# Statistical analysis on a 2 dimensional data set

Hi all,

I work in computational biology field, and I was recentedly given this particular data:
The data itself is generated by identifying and scoring residue interactions of a protein over time. Briefly, if two residues make contacts within a frame (unit time), then this pair is given a score based on the type and the strength of the contact.
An example data set would look like this:

 Frame Pair Score 0 A_B 0.31 1 B_D 2.16 2 A_C 5.30
Scores are all positive floats. A pair that does not have a score within the frame will automatically have a score of 0.
The problem given by my PI is to come up with a metric to score every residue (not residue pair) based on this dataset. In another word, I'd like to know a way to score each residue based on the frequency and strength of contacts said residue makes.

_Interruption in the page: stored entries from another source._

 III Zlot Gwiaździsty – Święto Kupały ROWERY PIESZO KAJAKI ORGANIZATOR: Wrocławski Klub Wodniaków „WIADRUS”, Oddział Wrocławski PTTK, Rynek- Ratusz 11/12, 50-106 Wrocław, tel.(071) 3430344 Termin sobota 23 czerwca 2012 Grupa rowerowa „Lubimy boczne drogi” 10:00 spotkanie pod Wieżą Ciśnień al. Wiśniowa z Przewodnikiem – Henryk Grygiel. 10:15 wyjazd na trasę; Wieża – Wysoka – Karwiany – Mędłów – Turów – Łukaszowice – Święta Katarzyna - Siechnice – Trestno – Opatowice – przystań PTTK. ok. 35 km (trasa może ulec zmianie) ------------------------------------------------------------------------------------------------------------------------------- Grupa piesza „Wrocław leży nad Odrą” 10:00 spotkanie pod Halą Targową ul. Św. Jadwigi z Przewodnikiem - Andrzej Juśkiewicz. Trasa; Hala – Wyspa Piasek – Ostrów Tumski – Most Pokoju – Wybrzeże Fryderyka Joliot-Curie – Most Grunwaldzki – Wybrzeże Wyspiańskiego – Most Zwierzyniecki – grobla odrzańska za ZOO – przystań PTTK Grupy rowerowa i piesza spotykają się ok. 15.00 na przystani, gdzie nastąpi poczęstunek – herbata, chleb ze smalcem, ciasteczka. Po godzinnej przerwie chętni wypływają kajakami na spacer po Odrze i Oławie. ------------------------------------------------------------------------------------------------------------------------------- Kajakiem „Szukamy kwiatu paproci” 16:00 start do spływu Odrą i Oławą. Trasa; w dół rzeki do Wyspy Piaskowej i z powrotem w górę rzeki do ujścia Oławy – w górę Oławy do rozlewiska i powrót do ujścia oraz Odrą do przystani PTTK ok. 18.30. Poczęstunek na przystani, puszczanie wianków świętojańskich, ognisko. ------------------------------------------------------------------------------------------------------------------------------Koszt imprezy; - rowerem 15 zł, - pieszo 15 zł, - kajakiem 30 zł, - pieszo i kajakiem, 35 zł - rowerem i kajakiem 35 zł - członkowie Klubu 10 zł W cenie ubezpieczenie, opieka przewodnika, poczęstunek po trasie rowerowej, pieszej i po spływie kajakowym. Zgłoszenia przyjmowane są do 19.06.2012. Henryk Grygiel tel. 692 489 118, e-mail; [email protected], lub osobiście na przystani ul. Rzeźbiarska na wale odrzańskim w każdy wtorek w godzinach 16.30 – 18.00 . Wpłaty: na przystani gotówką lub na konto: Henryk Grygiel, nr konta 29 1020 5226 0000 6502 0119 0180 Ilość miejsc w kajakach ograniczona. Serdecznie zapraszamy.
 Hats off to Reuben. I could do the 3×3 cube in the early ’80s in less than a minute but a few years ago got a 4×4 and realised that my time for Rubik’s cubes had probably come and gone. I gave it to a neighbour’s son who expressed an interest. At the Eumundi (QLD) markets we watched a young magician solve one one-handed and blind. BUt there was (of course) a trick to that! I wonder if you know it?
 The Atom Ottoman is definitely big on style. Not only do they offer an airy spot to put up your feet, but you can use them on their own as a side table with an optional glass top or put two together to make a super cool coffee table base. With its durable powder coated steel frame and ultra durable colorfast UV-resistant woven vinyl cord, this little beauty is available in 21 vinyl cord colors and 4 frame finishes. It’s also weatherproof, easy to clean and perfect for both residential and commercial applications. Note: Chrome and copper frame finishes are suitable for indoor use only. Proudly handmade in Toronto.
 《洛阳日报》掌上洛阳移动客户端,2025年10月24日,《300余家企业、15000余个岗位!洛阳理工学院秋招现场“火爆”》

This problem is very difficult for me because each residue has multiple scores (from multiple contact pairs) within a frame, and across multiple frames. In my very primitive understanding, for every residue, there are two dimensions that require statistical analysis: its contacting pairs and time. My training before this has been purely biological and hence I have little knowledge about statistics. I tried using Z scores, but it does not seem to work well with two dimensions.
I have attached a portion of the dataset. It contains 25 frames for demonstration purpose. I would like a detailed explanation of which method to use, why said method is appropriate, and how to implement them.

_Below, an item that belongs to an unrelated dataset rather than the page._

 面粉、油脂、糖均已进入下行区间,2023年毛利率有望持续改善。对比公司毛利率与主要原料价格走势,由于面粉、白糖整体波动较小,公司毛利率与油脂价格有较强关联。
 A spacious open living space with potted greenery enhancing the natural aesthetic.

This is my first time posting; I hope the bounty amount is appropriate for such a question.

Thank you very much!
• I am a statistician and I would gladly work on this problem because it seems interesting. This would involve some back and forth discussion between the two. For example, how many residues, residues pair and frames will there be in the real dataset. This is relevant because it tells us how much information is available for this variables or sources of information. Because of the back and forth nature and the expertise it requires, I would suggest increasing the bounty as well.

• Should we assume the real dataset looks very much like the sample dataset you provided?